- _Task objective_
Output the data in full. Keep every word exact and exclude the pictures.

- _Data excerpt_
....

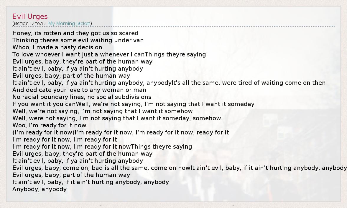 А как ты думаешь, о чем песня "Evil Urges" ?
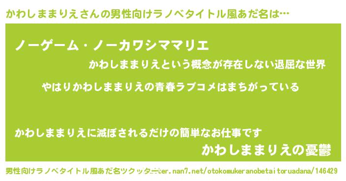 | ファンタジー風あだ名 | 『エターナルカワシママリエー』 |
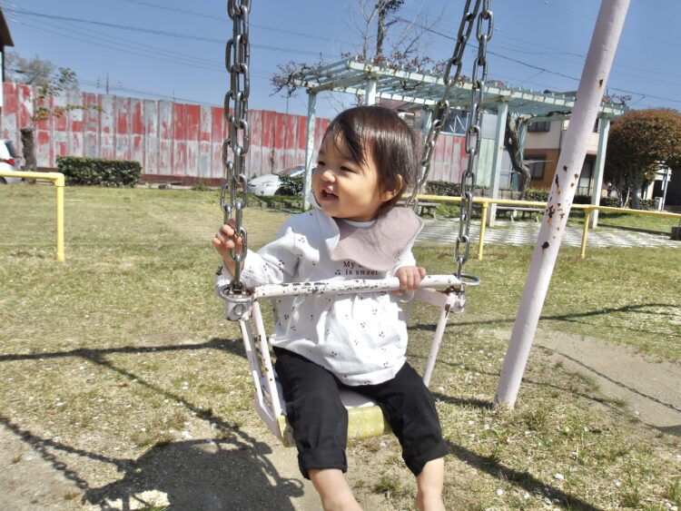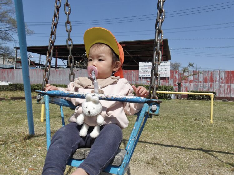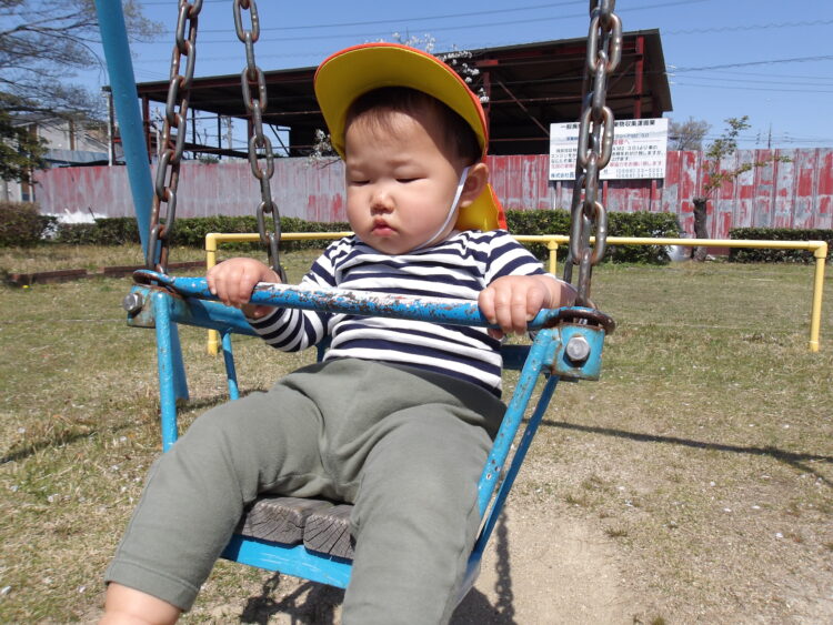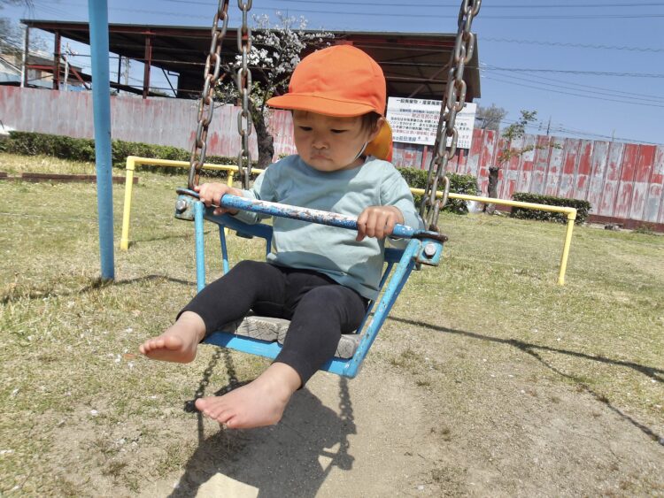 小さいブランコにも挑戦。座って少しだけゆらゆらしてみました![]()

....

- _Task result_
 А как ты думаешь, о чем песня "Evil Urges" ?
 | ファンタジー風あだ名 | 『エターナルカワシママリエー』 |
 小さいブランコにも挑戦。座って少しだけゆらゆらしてみました![]()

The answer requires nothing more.